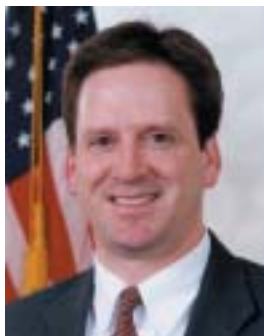
U.S. Representative GREEN
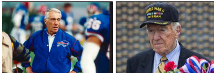
Marv Levy – Former Buffalo Bills Head Coach

11 They found an Egyptian in the open country and brought him to David. And they gave him bread and he ate. They gave him water to drink, 12 and they gave him a piece of a cake of figs and two clusters of raisins. And when he had eaten, his spirit revived, for he had not eaten bread or drunk water for three days and three nights. 13 And David said to him, "To whom do you belong? And where are you from?" He said, "I am a young man of Egypt, servant to an Amalekite, and my master left me behind because I fell sick three days ago. 14 We had made a raid against the Negeb of the Cherethites and against that which belongs to Judah and against the Negeb of Caleb, and we burned Ziklag with fire." 15 And David said to him, "Will you take me down to this band?" And he said, "Swear to me by God that you will not kill me or deliver me into the hands of my master, and I will take you down to this band."
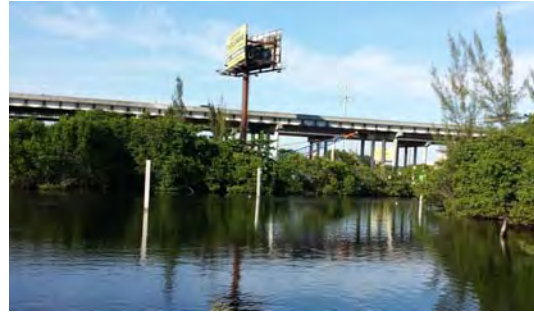
There are about a dozen of these new concrete pilings to guide you safely past the shallow rocky shoals.
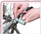
11. Slide adapter on
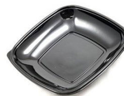
SALAD BOWL 90525 150 PER CASE
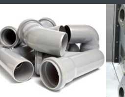
Plastics and Composites
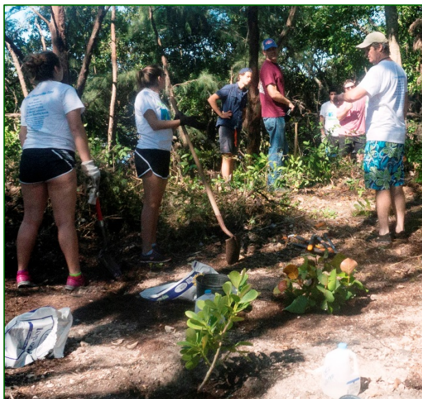
Planting in the Cleared Spaces.
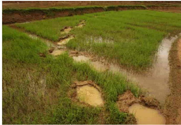
Damage by elephants to a Paddy ( Oryza sativa ) field in the study area
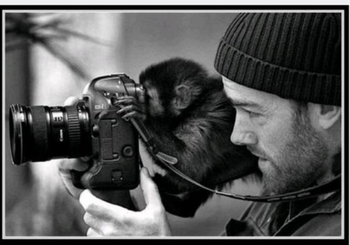
That's the problem these days: Every monkey with an SLR camera Thinks he's a photographer

LIFE IS BETTER WHEN YOU CRY A LITTLE, LAUGH A LOT, AND ARE THANKFUL FOR EVERYTHING YOU'VE GOT. AMEN.
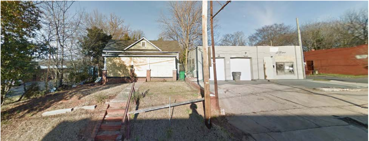
923 Belmont Avenue – A service garage and single family home are located in B-1 (neighborhood business).
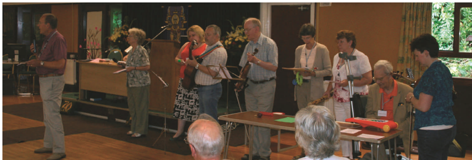
The Music Group
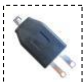
5V, 1KHz Output
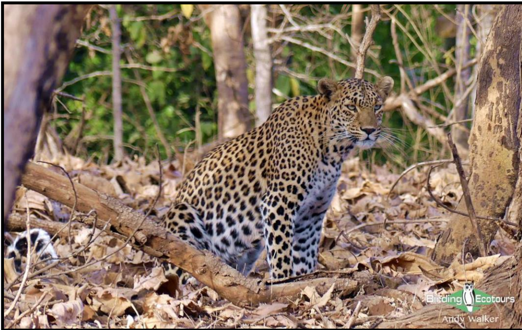
Indian Leopard is one beautiful cat, and we hope to find it in Jhalana Safari Park while also looking for Indian Pitta.
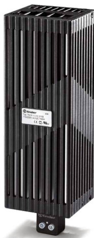
Type 7H.51.0.230.0150 Heating power 150 W
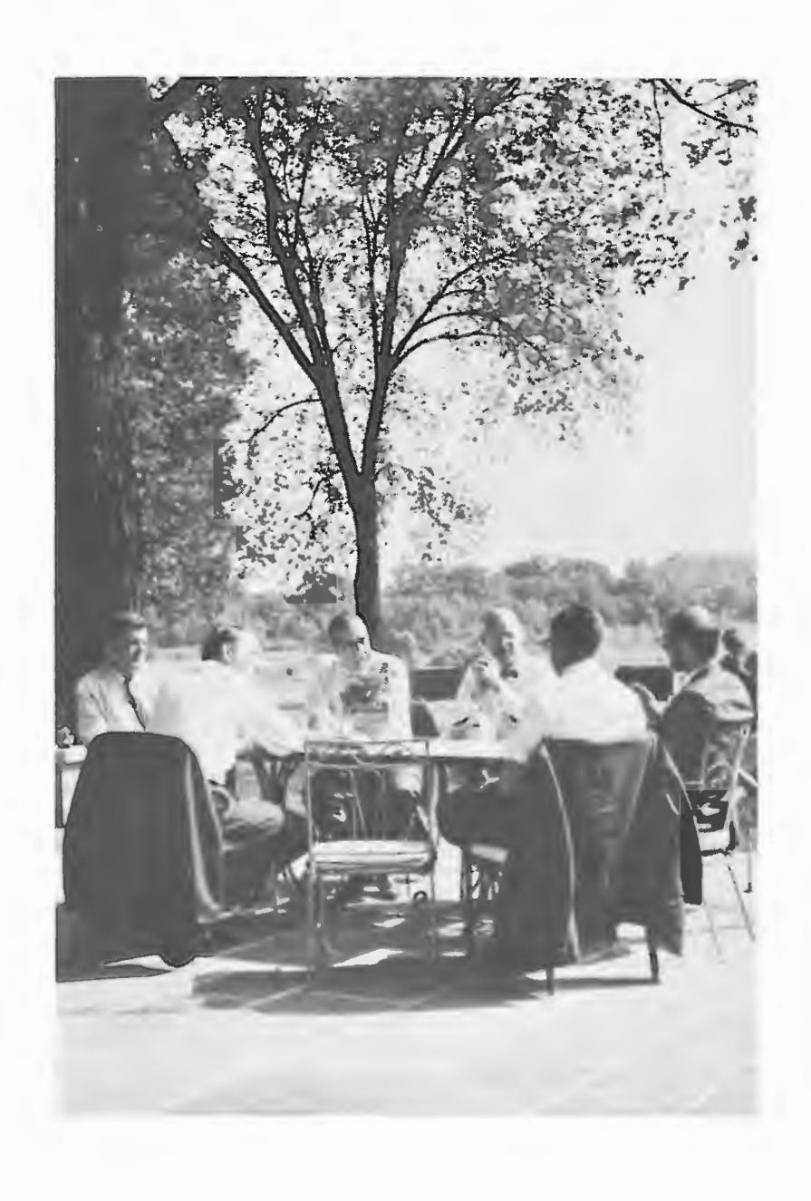
National Science Foundation Conference at Meadow Brook Hall
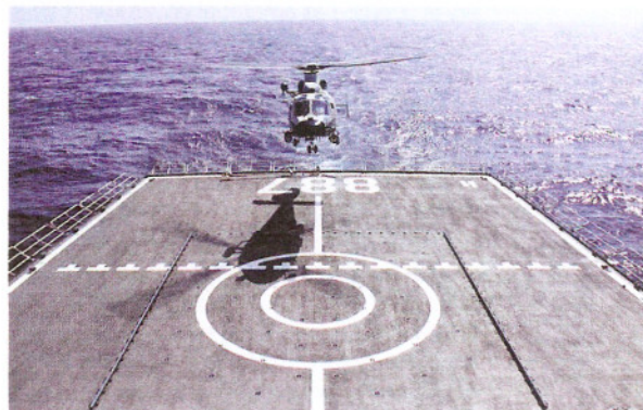
SAFE LANDING: A helicopter lands on the supply ship Weishanhu
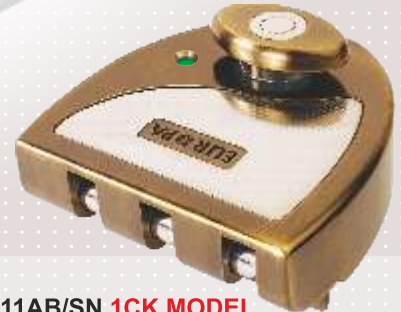
V311AB/SN 1CK MODEL
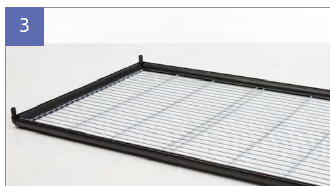
Slide the remaining roof profile - 774 mm over the roof panel and attach a corner piece.
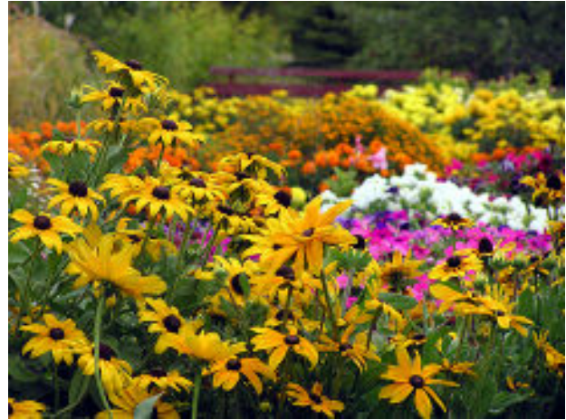
Annual flower trial bed ('Indian Summer' rudbeckia in foreground)

○ ○ ○

* **Problem requirements**
The copy should hold only the lines from the one with "11. Slide adapter on" through the one with "That's the problem", exactly as they stand above. Leave out the pictures.

* **Completed task**
11. Slide adapter on
SALAD BOWL 90525 150 PER CASE
Plastics and Composites
Planting in the Cleared Spaces.
Damage by elephants to a Paddy ( Oryza sativa ) field in the study area
That's the problem these days: Every monkey with an SLR camera Thinks he's a photographer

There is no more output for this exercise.